Allâhü Teâlâ, onların üzerine gök ve yerin bereketlerini saçmakla, rızıklarını genişletti; yağmurunu indirdi ve bitkileri çıkardı. Ehl-i kitabın başına gelen sıkıntılar, Tevrat’ı ve İncil’i indirildikleri hâliyle tasdîk etmeme cinayetini işlemelerindendir. Yoksa Allâh’(c.c.)’un rahmetinin kusurundan değildir.

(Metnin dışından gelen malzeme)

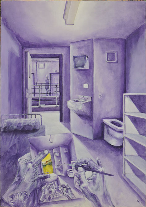 ‘I’ve drawn endless images of myself drawing myself. It speaks highly of the monotony endured within prison. This particular one I implanted the fantasy of my eventual freedom’.

Kendilerine indirilenlerle amel etmedikleri için Peygamber (s.a.v) Efendimiz’i tasdîk etmemişler, Tevrât ve İncîl’in içinde bulunan ahitlere, Allâh (c.c.) için vefâ göstermemişler, hukukuna, hükümlerine uymamışlar, namazı kılmamışlardır. Âyet-i kerîmede, takvânın, dünya ve âhiret işlerinde istikâmetin, rızık genişliğine sebep olduğuna da işaret vardır.
Muhakkak ki takvâ tarafına riâyet ve ahde vefâ etmekle kişi, din ve dünya yönünden işlerini istikâmete koyar. Ama dünya şehvetlerinden sadece bir şehvetin bile uzun bir hüznü ve kederi vardır. Büyük bir tuzak ve hiledir. Belki helâk olmaktır.
(İsmail Hakkı Bursevî (k.s.), Rûhu’l-Beyan Tefsîri, 6.c., 630-637.s.)